Waymond, quant à lui, agit comme contrepoids vis-à-vis de Jobu Tupaki, en représentant le caractère optimiste de l’existentialisme comme solution face au nihilisme : « Lorsque je choisis de regarder le bon côté des choses, je ne fais pas preuve de naïveté. C’est un choix stratégique et nécessaire. C’est ainsi que j’ai appris à survivre. » Il ne cherche pas à dire qu’il y a plus de bien que de mal dans notre monde, mais plutôt à valoriser et chérir les petits moments de bonheur autant que possible. Lorsque l’on arrive à dépasser le nihilisme en donnant de la valeur à ces courts instants et en mettant en lumière le positif, seulement à ce moment serons-nous capables d’apprécier la vie.

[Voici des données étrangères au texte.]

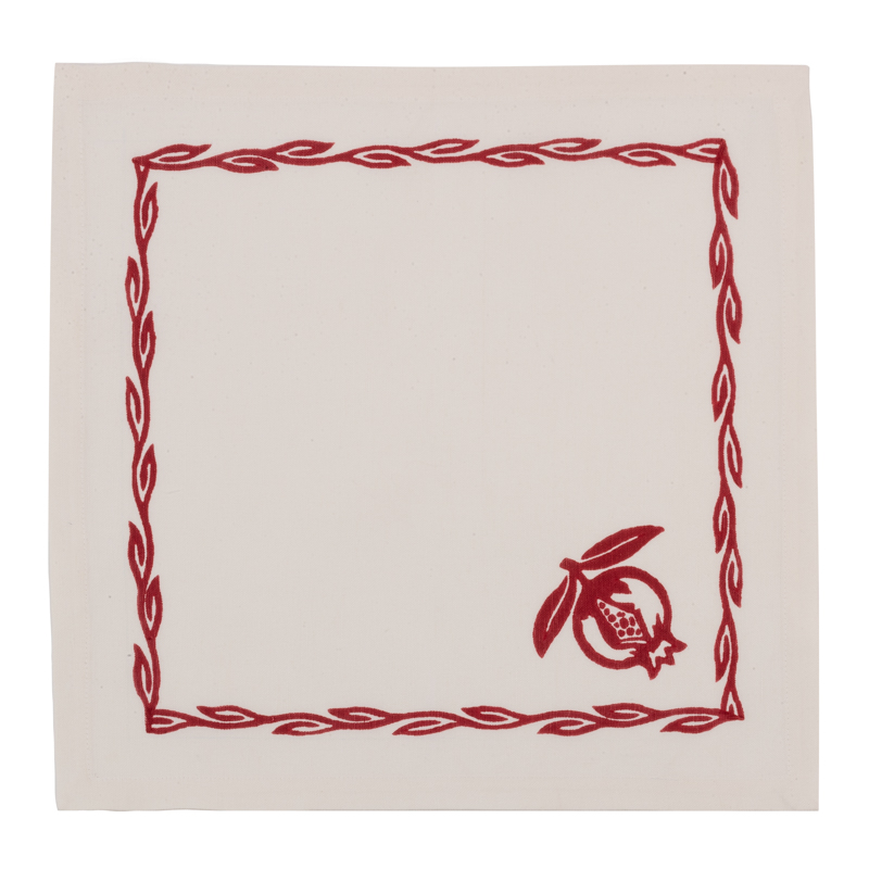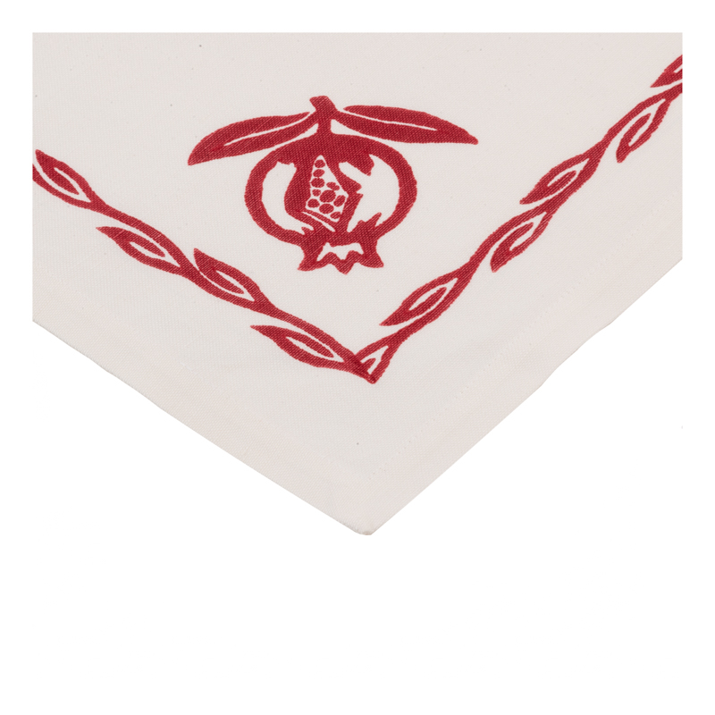 Tovaglia tonda in misto lino con i tovaglioli realizzata con tessuto stirato con il nostro antico mangano del 1633 e sapientemente stampato a mano con il disegno del melograno.

Il faut accepter le fait qu’il existe inévitablement du positif et du négatif : ils représentent le tout, partout, et tout à la fois.

Représentation asiatique

Ce film met en avant la communauté asiatique, trop peu représentée à l’international, avec une majorité d’acteurs asiatiques et de nombreux dialogues en mandarin. Appartenant à la première génération d’immigrants, issue du mariage d’une mère chinoise et d’un père coréen, j’ai moi-même, Jacky Kim, vécu cette situation où la pression parentale est telle qu’elle en devient intenable. Je trouve que ce film a réussi à représenter de façon juste et non romancée ou clichée les dynamiques d’une famille d’immigrants asiatiques. Evelyn et Waymond décident de déménager aux États-Unis ayant pour but d’atteindre le rêve américain, comme c’est le cas pour beaucoup d’immigrants. Abandonner toute une partie de sa vie demande beaucoup de courage. C’est un choix extrêmement difficile, qui, souvent, ne fonctionne pas tel qu’on l’avait imaginé. La déception que les parents immigrés éprouvent face à leur propre vie et échecs, lorsque ce rêve n’est pas atteint, les mène souvent à imposer leurs propres ambitions à leurs enfants. Bien qu’ils souhaitent le meilleur pour ces derniers, cela est souvent à l’origine de tristesse et de nombreuses disputes. Cette pression finit souvent par écraser l’enfant, qui ne peut poursuivre ses propres passions. Cette connexion émotionnelle difficile entre parents et enfants, à la racine des traumatismes intergénérationnels au sein des familles immigrées, est particulièrement bien représentée dans le film Everything Everywhere All At Once, sans tomber dans des stéréotypes vulgaires.